Tailscale and Clash: Split Rules and DNS for Routing Conflicts (2026)
You enable Tailscale with an exit node, subnet routes, or MagicDNS, then turn on Clash—and suddenly browsers show timeouts, domestic sites crawl through the wrong outbound, or names resolve to nonsense. This guide is intentionally separate from WSL2 bridge guides, Docker Desktop DNS recipes, Hyper‑V gateway walkthroughs, and pure Linux resolver tuning: it focuses on the overlap between a mesh VPN that owns routes and DNS and a rule-based proxy that also wants routes and DNS. Work in layers—OS routing table first, then split rules and DNS inside Clash—so both stacks stop fighting.
What actually collides
Tailscale installs a userspace or kernel tunnel interface, publishes 100.64.0.0/10-class addresses to peers, can push default routes when you use an exit node, and may advertise subnet routes so your laptop learns paths to LAN segments behind another device. MagicDNS and split DNS features steer certain names toward Tailscale resolvers or peers. Clash, especially in TUN mode, also adds routes, sometimes captures all DNS, and applies split routing through YAML rules. Neither tool is “wrong”; they simply both believe they should own pieces of the same packet path.

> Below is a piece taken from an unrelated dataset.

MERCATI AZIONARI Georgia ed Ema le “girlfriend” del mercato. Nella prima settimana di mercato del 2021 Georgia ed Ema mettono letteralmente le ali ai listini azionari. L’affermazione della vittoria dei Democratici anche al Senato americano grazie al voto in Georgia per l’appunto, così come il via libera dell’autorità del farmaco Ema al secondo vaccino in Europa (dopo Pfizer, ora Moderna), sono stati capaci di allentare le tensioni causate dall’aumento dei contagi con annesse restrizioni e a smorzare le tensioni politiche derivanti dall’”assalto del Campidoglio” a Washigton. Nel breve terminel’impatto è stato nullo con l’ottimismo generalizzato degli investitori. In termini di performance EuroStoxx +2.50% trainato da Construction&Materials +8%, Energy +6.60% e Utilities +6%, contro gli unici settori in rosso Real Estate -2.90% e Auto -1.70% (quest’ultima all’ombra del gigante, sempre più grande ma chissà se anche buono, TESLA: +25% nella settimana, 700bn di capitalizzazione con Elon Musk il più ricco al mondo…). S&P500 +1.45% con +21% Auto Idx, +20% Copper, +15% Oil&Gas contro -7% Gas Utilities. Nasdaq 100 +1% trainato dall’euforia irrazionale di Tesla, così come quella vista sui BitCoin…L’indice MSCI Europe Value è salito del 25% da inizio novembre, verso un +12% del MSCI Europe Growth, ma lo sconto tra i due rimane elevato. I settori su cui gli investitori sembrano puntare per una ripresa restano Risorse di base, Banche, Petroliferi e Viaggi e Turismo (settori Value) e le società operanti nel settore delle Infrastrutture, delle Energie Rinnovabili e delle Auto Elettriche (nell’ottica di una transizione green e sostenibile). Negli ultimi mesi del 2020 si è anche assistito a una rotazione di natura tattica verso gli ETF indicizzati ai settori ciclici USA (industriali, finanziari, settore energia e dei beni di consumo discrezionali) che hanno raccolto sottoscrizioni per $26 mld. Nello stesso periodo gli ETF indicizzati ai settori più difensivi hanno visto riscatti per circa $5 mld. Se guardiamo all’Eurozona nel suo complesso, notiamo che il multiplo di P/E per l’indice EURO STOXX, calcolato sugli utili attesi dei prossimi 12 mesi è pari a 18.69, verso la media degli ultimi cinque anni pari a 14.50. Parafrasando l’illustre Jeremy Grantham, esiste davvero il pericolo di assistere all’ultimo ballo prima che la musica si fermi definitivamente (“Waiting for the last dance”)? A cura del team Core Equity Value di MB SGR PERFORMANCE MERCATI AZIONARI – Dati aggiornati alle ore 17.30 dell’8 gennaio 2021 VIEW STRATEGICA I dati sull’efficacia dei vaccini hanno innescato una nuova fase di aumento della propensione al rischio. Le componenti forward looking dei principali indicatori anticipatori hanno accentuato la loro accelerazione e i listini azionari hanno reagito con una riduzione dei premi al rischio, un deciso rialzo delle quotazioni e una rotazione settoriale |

Symptoms cluster into three buckets. First, total or partial loss of connectivity—often a competing default route, a blackhole after exit-node toggles, or MTU issues amplified by double encapsulation. Second, domestic or LAN traffic rides the overseas proxy because your catch‑all MATCH fires before narrower GEOIP or DOMAIN slices, or because Tailscale-addressed flows never matched your mental model of “Chinese sites.” Third, odd DNS: MagicDNS names resolve on one machine but not when Clash’s dns block uses fake-ip, or systemd/Windows resolvers disagree about who answers first. The checklist below attacks those buckets in a consistent order so you do not thrash random toggles.
Step 0 — Freeze the configuration plane
Before editing YAML for the fifth time, write down four booleans: Tailscale exit node on or off, Tailscale advertise/accept subnet routes, Clash TUN versus system proxy, and Clash DNS enhanced-mode (for example fake-ip versus redir-host). Changing two at once guarantees confusion. Prefer validating with a known-good Windows or macOS Clash install so the only variable is Tailscale.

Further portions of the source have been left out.